_AIM OF THE EXERCISE_
Retype all data exactly as given. Pictures should not be retyped.

_THE DATA_
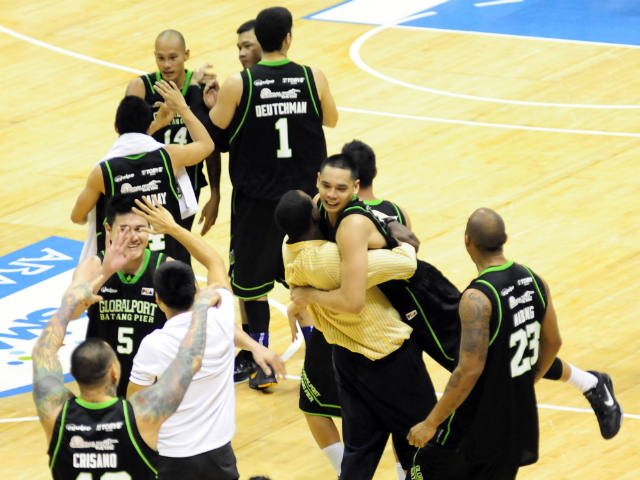 Members of GlobalPort Batang Pier celebrate their victory. Import Justin Williams lifts up Japeth Aguilar (R) in delight. KC Cruz
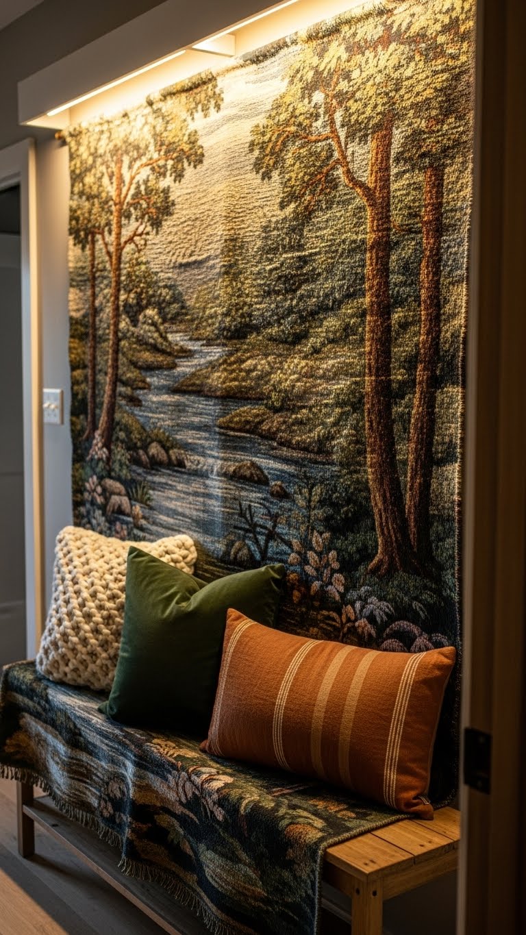 Tapestries and rugs on walls bring texture. Start with a small one. Hang an old scarf as decor. Use thumbtacks you have. It adds depth fast. Cover bare spots. Drape a rug over a frame. Find one in your closet. Attach with hooks. This is easy DIY. Focus on sound. Textiles absorb echoes. Place them in noisy rooms. Cut fabric to size. Sew edges with thread. Costs under $2. Layer for effect. Add pillows below the textile. Arrange from your collection. These steps warm spaces. Try in bedrooms. Hang a blanket tapestry. Pin it simply. You’ll notice the change. Keep it affordable. Use what you own. Update one wall at a time. Make it personal. (Word count: 200)
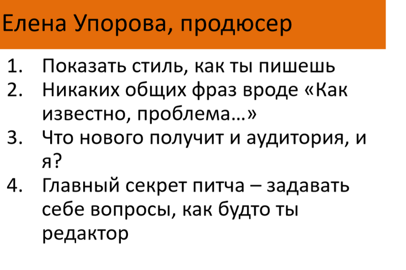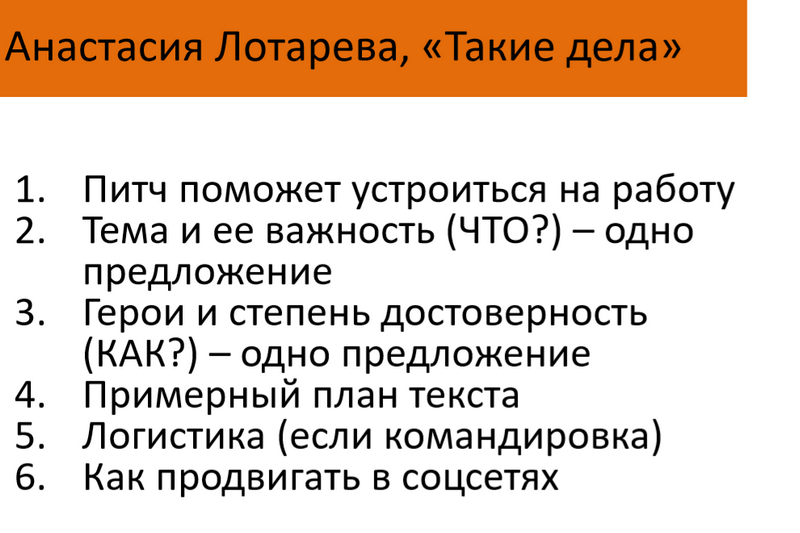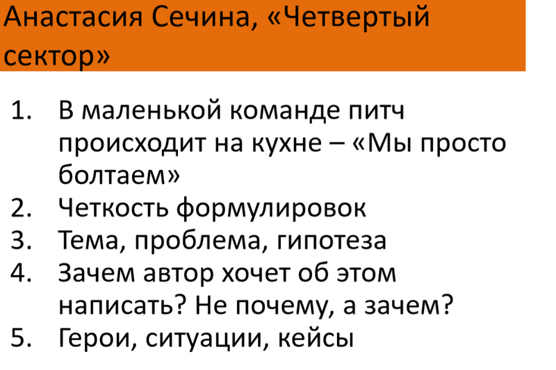 Также Анастасия – за короткие питчи, которые можно прочесть по диагонали и сразу понять, про что речь и стоит ли за тему браться.

_RESULT OF THE TASK_
 Members of GlobalPort Batang Pier celebrate their victory. Import Justin Williams lifts up Japeth Aguilar (R) in delight. KC Cruz
 Tapestries and rugs on walls bring texture. Start with a small one. Hang an old scarf as decor. Use thumbtacks you have. It adds depth fast. Cover bare spots. Drape a rug over a frame. Find one in your closet. Attach with hooks. This is easy DIY. Focus on sound. Textiles absorb echoes. Place them in noisy rooms. Cut fabric to size. Sew edges with thread. Costs under $2. Layer for effect. Add pillows below the textile. Arrange from your collection. These steps warm spaces. Try in bedrooms. Hang a blanket tapestry. Pin it simply. You’ll notice the change. Keep it affordable. Use what you own. Update one wall at a time. Make it personal. (Word count: 200)
 Также Анастасия – за короткие питчи, которые можно прочесть по диагонали и сразу понять, про что речь и стоит ли за тему браться.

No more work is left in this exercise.